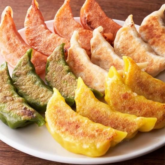 【コーン餃子】 餃子の皮(小麦粉、還元でん粉加水分解物、食塩、動物性油脂)(国内製造)、スイートコーン(スイートコーン、食塩)、豚肉、ホールカーネルコーン(とうもろこし)、キャベツ、豚背油、こいくちしょうゆ(本醸造)、食用調味油(食用ごま油、食用なたね油)、おろし生姜、食塩、ホワイトペッパー、にんにくみじん切り/酒精、乳酸Na、調味料(アミノ酸)、クエン酸、着色料(V.B2)、加工でん粉、(一部に小麦・ごま・大豆・豚肉を含む)
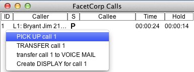 • The Callee column has the caller ID of the second party in the call. If there are more than two parties to the call (a conference), you can click on the call to get a menu and choose to open a call display that will show all the parties to the call.
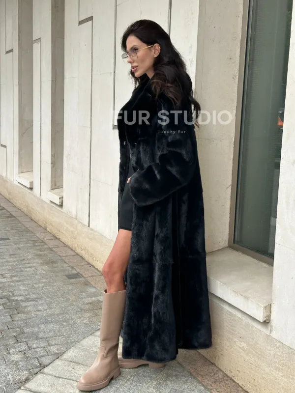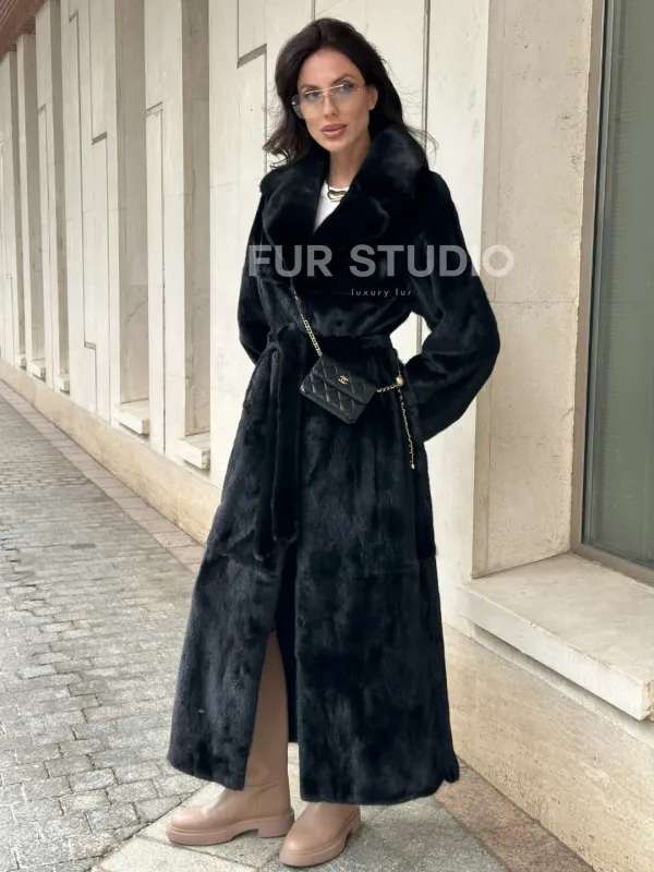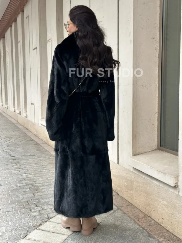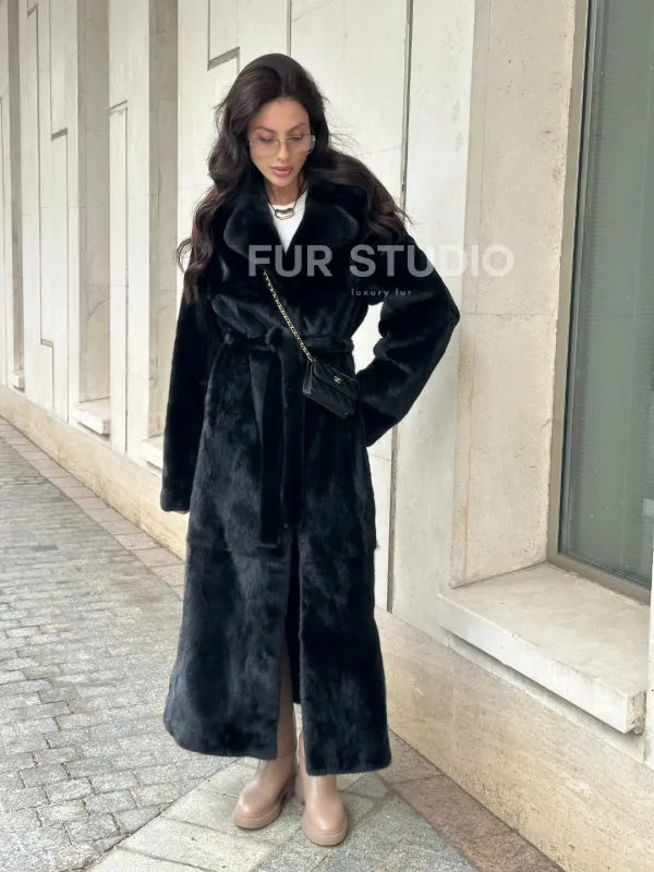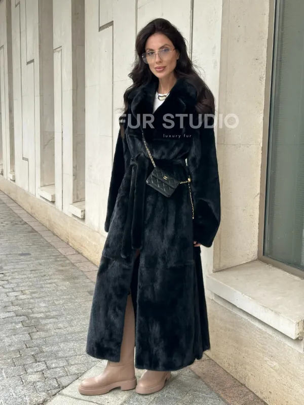 Черная норковая шуба NAFA MINK с поясом в пол 100933
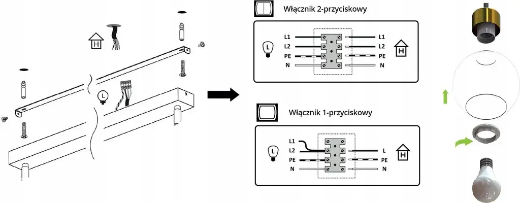 Нет лампочек или дюбеля в комплекте (подберите подходящие к одеялу).
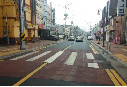 보도 양측에 보행자를 위한 보도가 새로 만들어졌고, 시선을 막는 전신주의 자리가 바뀌었다. 황단보도가 새롭게 깔리고 과속방지턱, 교통안전 표지판과 가로등이 설치됐다.
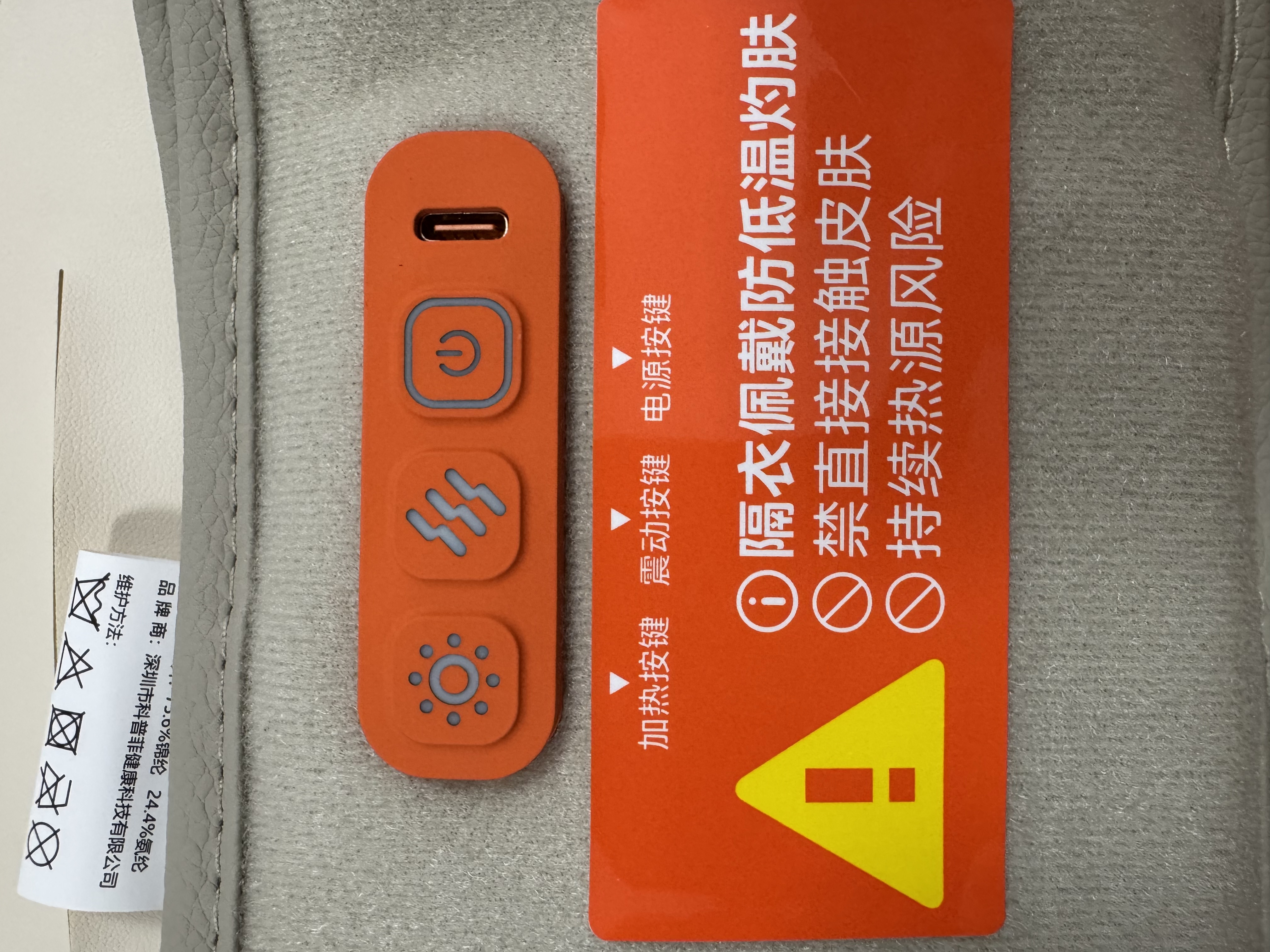 打开包装,又惊又喜,刚开始我担心腰带能按摩能加热,会不会太厚太笨重,实物让我满意,真的是薄薄一片,就是操作面板这里稍微厚一些。

====

Prompt:
There should be an exact restatement of the lines from the line with "보도 양측에 보행자를" through the last line of the entries above, and no pictures in it.

Result below:
 보도 양측에 보행자를 위한 보도가 새로 만들어졌고, 시선을 막는 전신주의 자리가 바뀌었다. 황단보도가 새롭게 깔리고 과속방지턱, 교통안전 표지판과 가로등이 설치됐다.
 打开包装,又惊又喜,刚开始我担心腰带能按摩能加热,会不会太厚太笨重,实物让我满意,真的是薄薄一片,就是操作面板这里稍微厚一些。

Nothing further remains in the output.